→ **TASK**
Retype the following data exactly, but leave its pictures out.

→ **PROVIDED DATA**
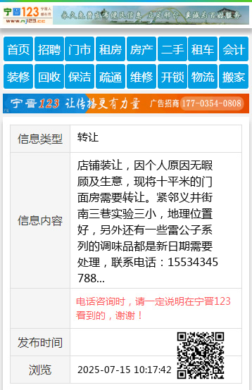 店铺装让,因个人原因无暇顾及生意,现将十平米的门面房需要转让。紧邻义井街南三巷实验三小,地理位置好,另外还有一些雷公子系列的调味品都是新日期需要处理,联系电话:15534345788 【电话咨询时,请一定说明在太原生活网看到的,谢谢!】 |
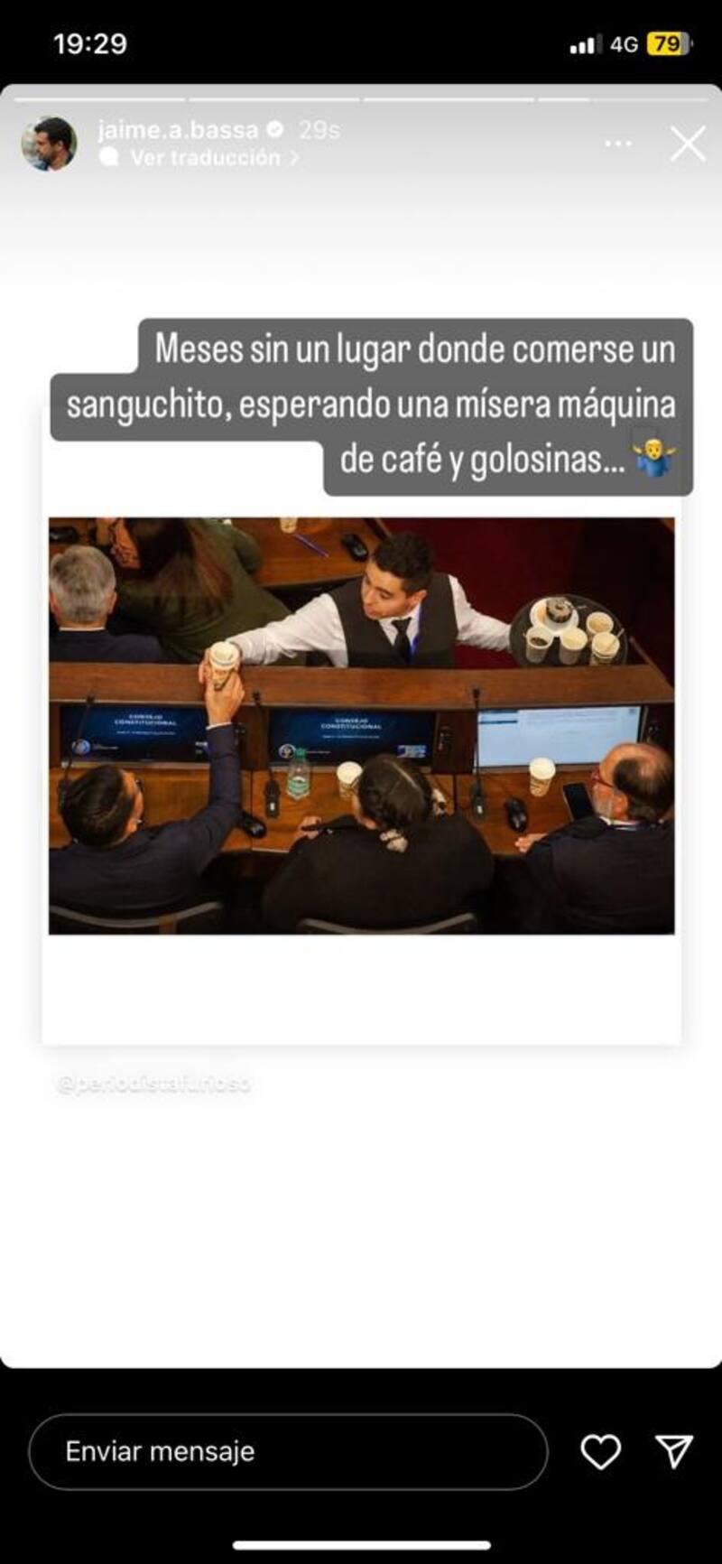 En concreto, el abogado cercano al Frente Amplio publicó una historia en su cuenta de Instagram en que compartía una foto de la jornada de instalación del Consejo. En ella, el abogado escribió: “Meses sin un lugar donde comerse un sanguchito, esperando una mísera máquina de café y golosinas”. Y acompañó el mensaje con un emoji levantando los brazos.
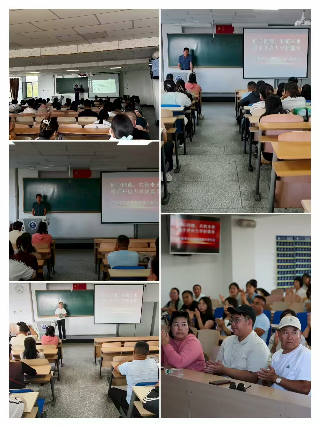 8月30日下午,学院举行2025级新生家长见面会。学院领导、专业教师代表与家长齐聚,院长哈斯同力嘎,党总支副书记青格乐图等介绍专业前景、团学活动、助学政策及创新创业等内容,班主任寄语新生,通过活动加强家校联系,助力共育学生成长。
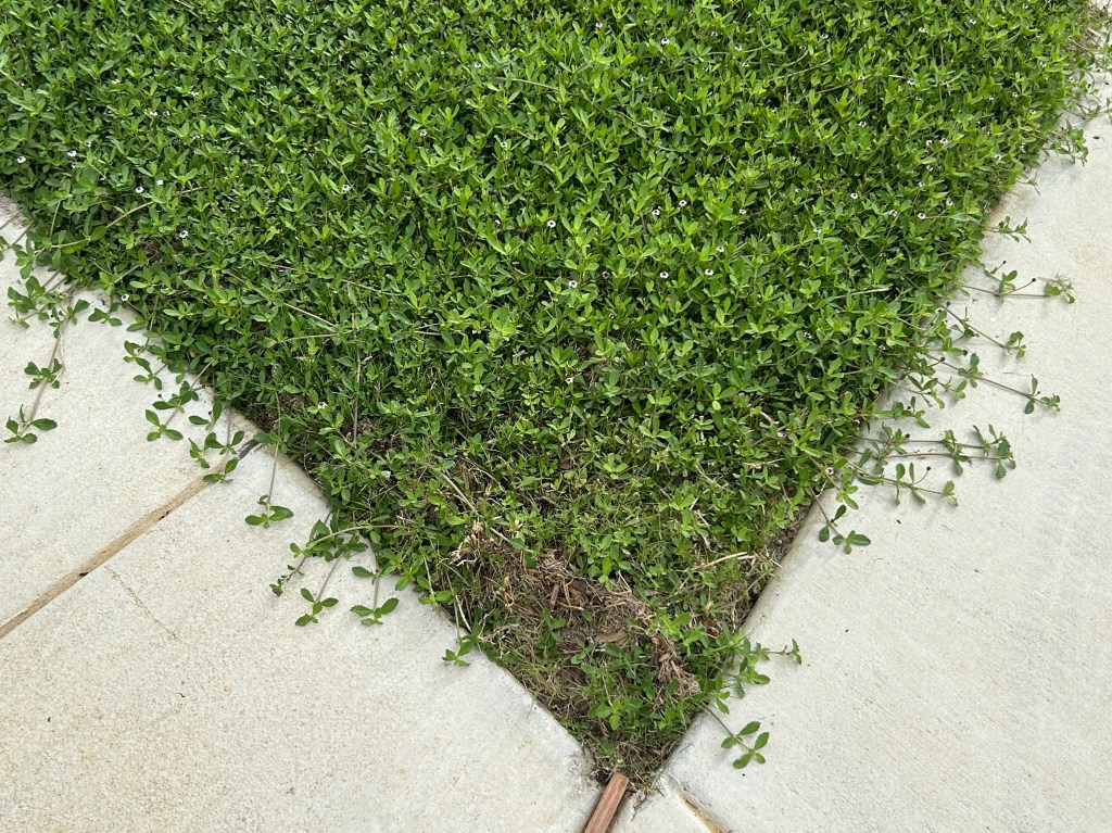 Frogfruit (Phyla nodiflora) is a fast grower. I mowed and trimmed it just before I left and this is what I came back to.

→ **EXPECTED ANSWER**
 店铺装让,因个人原因无暇顾及生意,现将十平米的门面房需要转让。紧邻义井街南三巷实验三小,地理位置好,另外还有一些雷公子系列的调味品都是新日期需要处理,联系电话:15534345788 【电话咨询时,请一定说明在太原生活网看到的,谢谢!】 |
 En concreto, el abogado cercano al Frente Amplio publicó una historia en su cuenta de Instagram en que compartía una foto de la jornada de instalación del Consejo. En ella, el abogado escribió: “Meses sin un lugar donde comerse un sanguchito, esperando una mísera máquina de café y golosinas”. Y acompañó el mensaje con un emoji levantando los brazos.
 8月30日下午,学院举行2025级新生家长见面会。学院领导、专业教师代表与家长齐聚,院长哈斯同力嘎,党总支副书记青格乐图等介绍专业前景、团学活动、助学政策及创新创业等内容,班主任寄语新生,通过活动加强家校联系,助力共育学生成长。
 Frogfruit (Phyla nodiflora) is a fast grower. I mowed and trimmed it just before I left and this is what I came back to.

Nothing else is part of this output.